(Extracted data entries)
◆ ◆ ◆

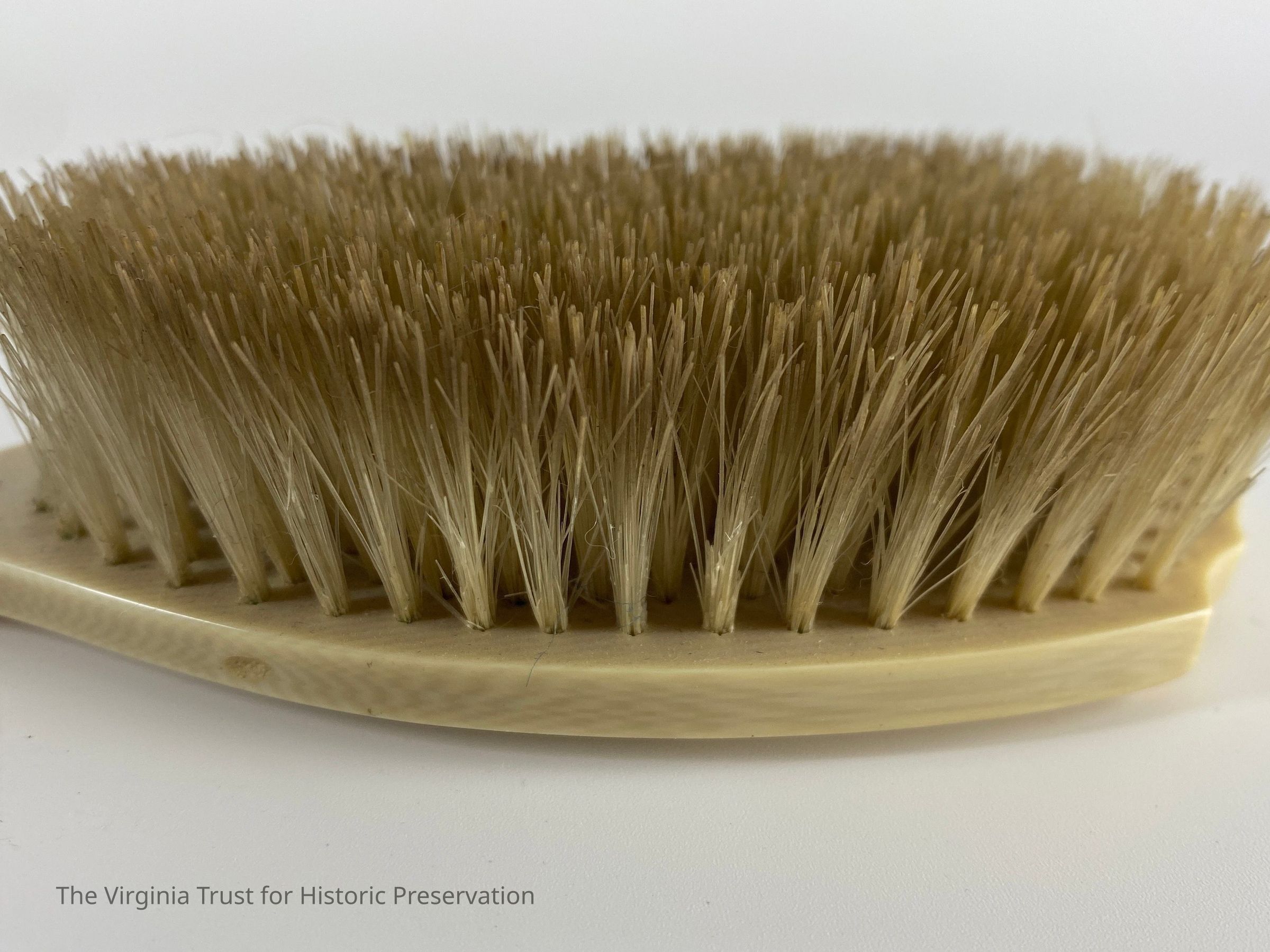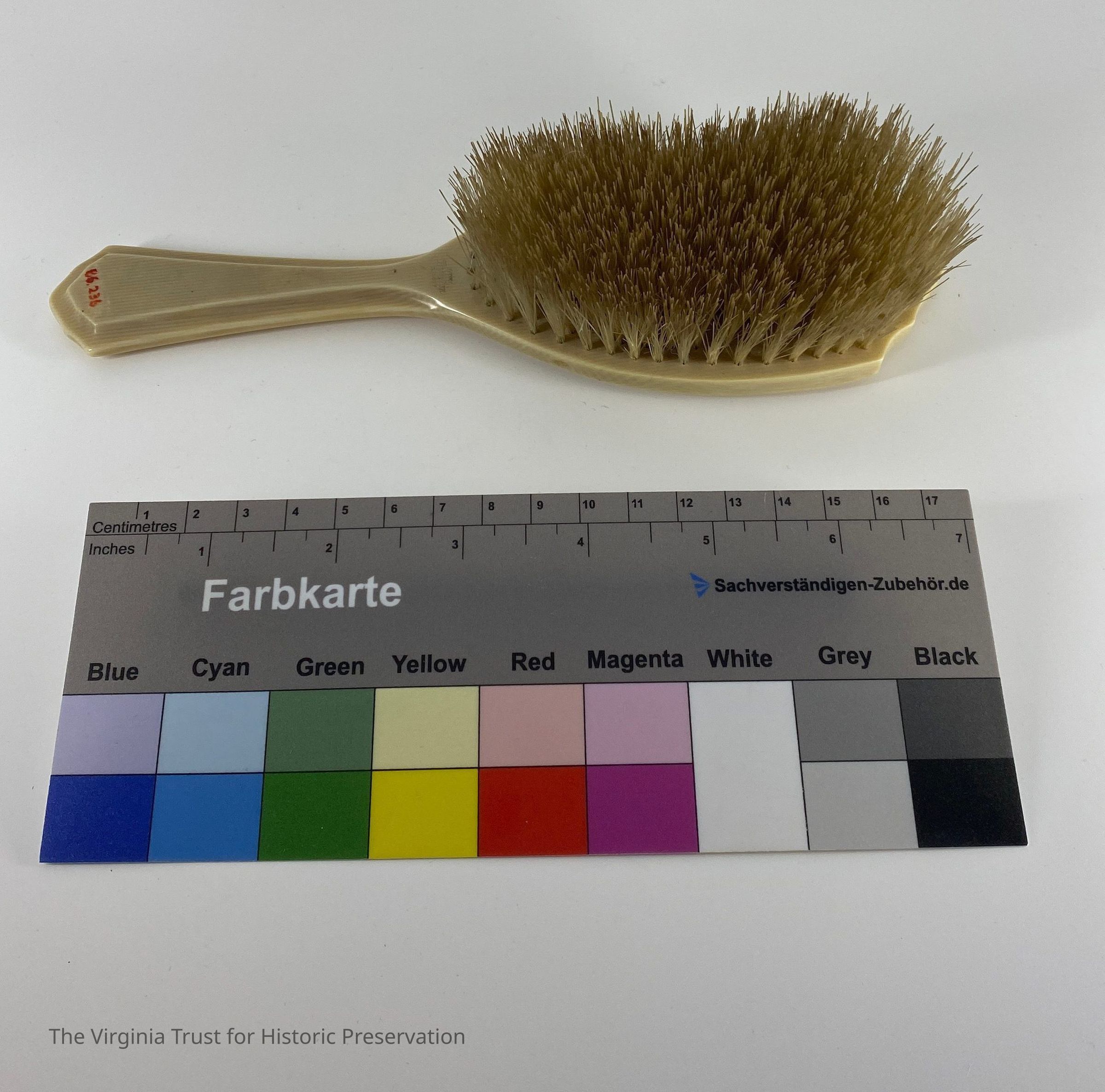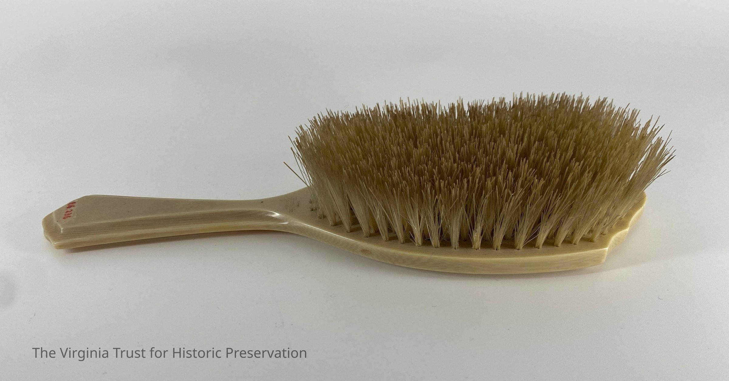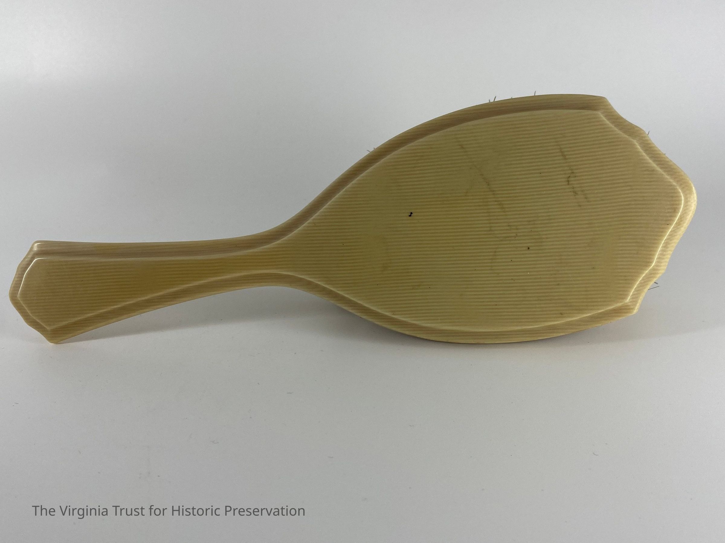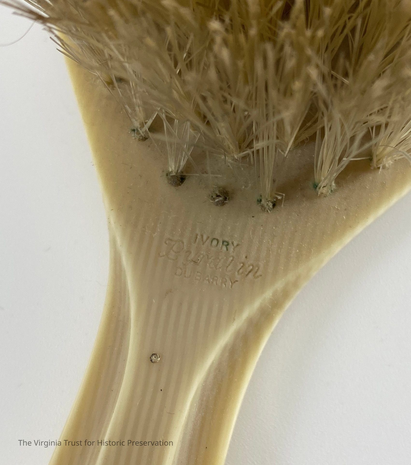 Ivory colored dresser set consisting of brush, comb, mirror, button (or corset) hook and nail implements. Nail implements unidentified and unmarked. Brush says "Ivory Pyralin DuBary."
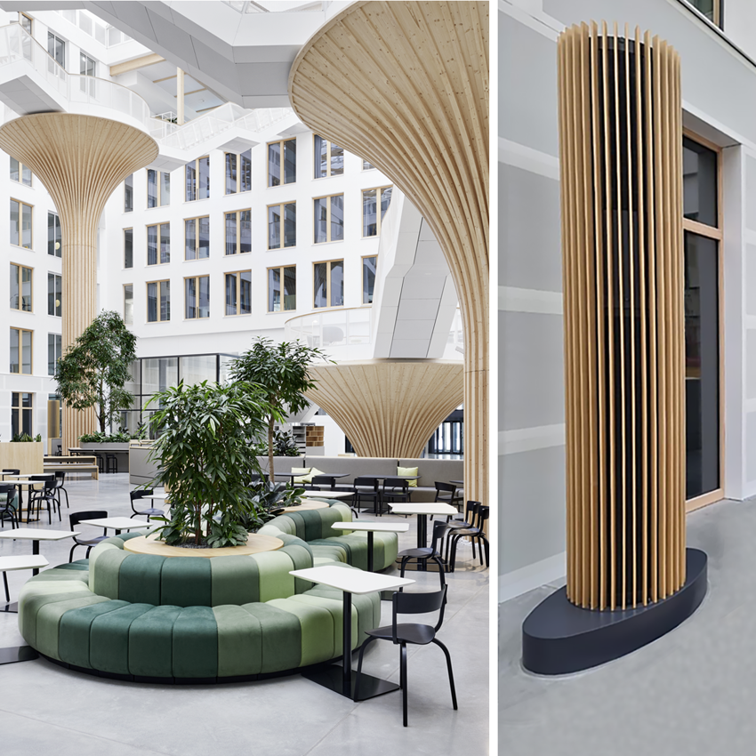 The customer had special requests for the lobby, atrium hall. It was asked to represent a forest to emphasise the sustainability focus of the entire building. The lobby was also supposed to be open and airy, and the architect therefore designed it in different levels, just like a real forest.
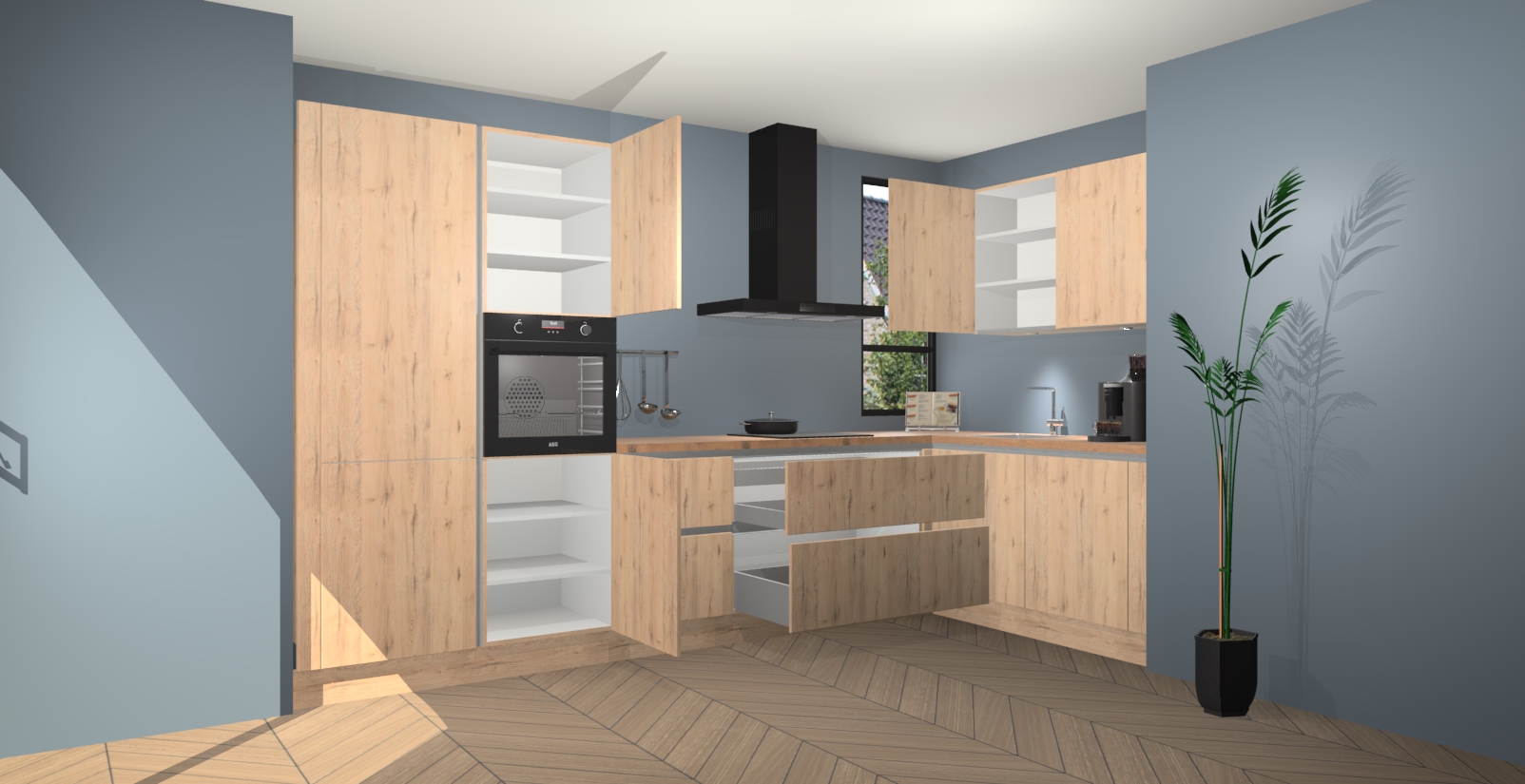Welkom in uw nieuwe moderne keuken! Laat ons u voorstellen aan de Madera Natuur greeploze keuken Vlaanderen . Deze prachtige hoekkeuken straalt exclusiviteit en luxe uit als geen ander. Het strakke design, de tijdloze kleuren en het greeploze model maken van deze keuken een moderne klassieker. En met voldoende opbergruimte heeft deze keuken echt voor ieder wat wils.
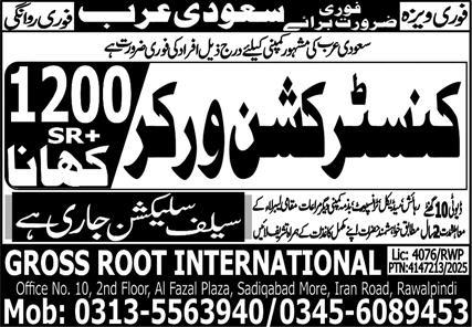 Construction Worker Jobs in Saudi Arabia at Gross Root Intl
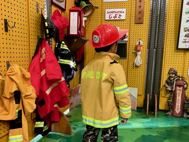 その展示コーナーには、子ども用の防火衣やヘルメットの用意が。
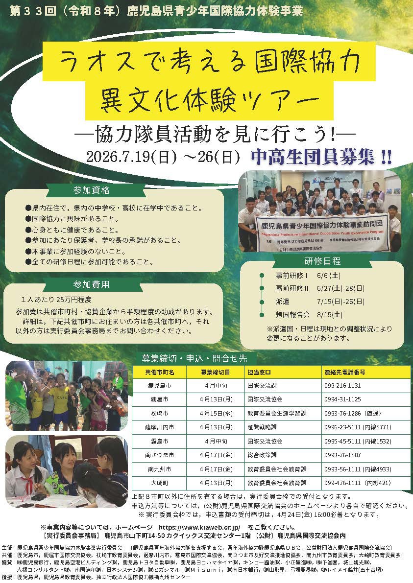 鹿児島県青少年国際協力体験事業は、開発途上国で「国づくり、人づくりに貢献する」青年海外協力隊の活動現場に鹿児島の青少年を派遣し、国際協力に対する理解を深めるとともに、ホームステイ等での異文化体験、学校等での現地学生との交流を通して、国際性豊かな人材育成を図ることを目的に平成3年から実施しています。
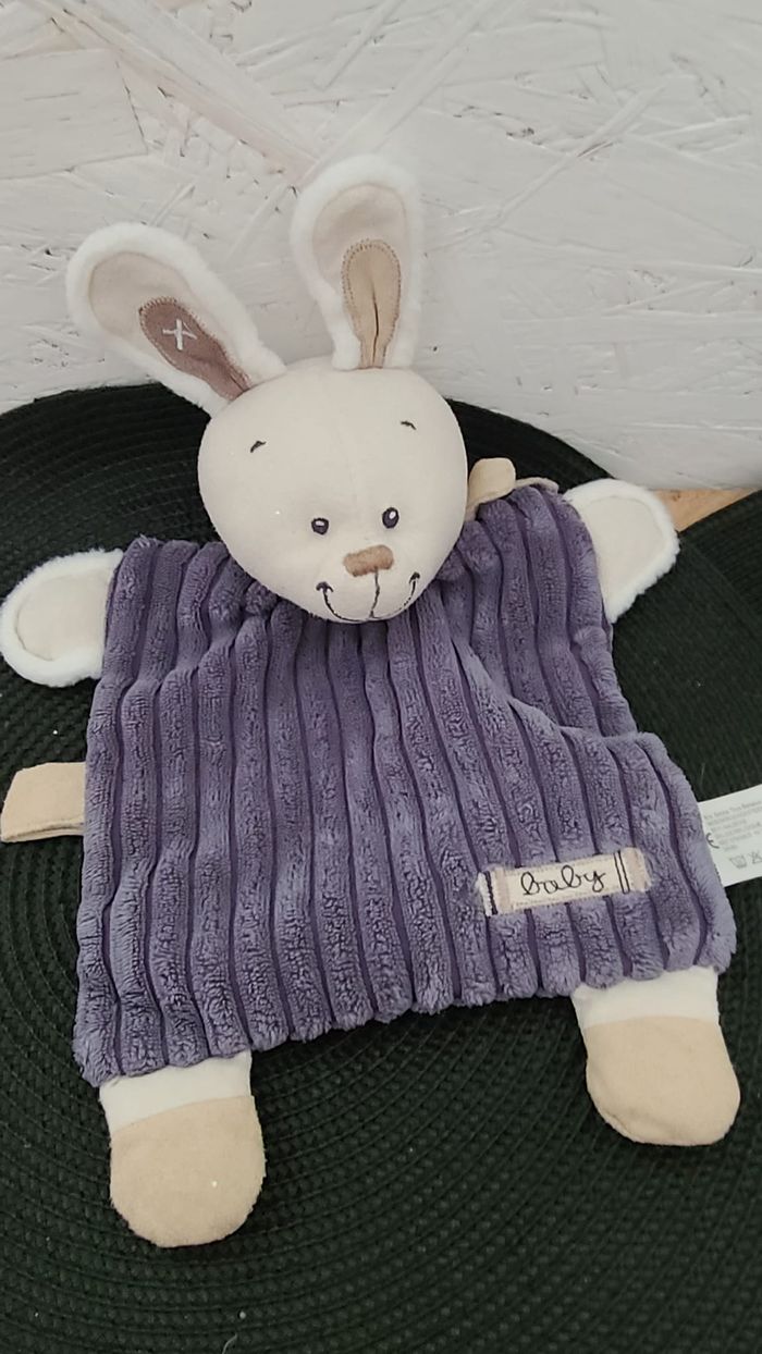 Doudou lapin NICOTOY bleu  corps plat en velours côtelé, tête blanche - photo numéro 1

◆ ◆ ◆

Task brief =>
Give back every record precisely as it stands, without the images.

Answer space =>
 Ivory colored dresser set consisting of brush, comb, mirror, button (or corset) hook and nail implements. Nail implements unidentified and unmarked. Brush says "Ivory Pyralin DuBary."
 The customer had special requests for the lobby, atrium hall. It was asked to represent a forest to emphasise the sustainability focus of the entire building. The lobby was also supposed to be open and airy, and the architect therefore designed it in different levels, just like a real forest.
Welkom in uw nieuwe moderne keuken! Laat ons u voorstellen aan de Madera Natuur greeploze keuken Vlaanderen . Deze prachtige hoekkeuken straalt exclusiviteit en luxe uit als geen ander. Het strakke design, de tijdloze kleuren en het greeploze model maken van deze keuken een moderne klassieker. En met voldoende opbergruimte heeft deze keuken echt voor ieder wat wils.
 Construction Worker Jobs in Saudi Arabia at Gross Root Intl
 その展示コーナーには、子ども用の防火衣やヘルメットの用意が。
 鹿児島県青少年国際協力体験事業は、開発途上国で「国づくり、人づくりに貢献する」青年海外協力隊の活動現場に鹿児島の青少年を派遣し、国際協力に対する理解を深めるとともに、ホームステイ等での異文化体験、学校等での現地学生との交流を通して、国際性豊かな人材育成を図ることを目的に平成3年から実施しています。
 Doudou lapin NICOTOY bleu  corps plat en velours côtelé, tête blanche - photo numéro 1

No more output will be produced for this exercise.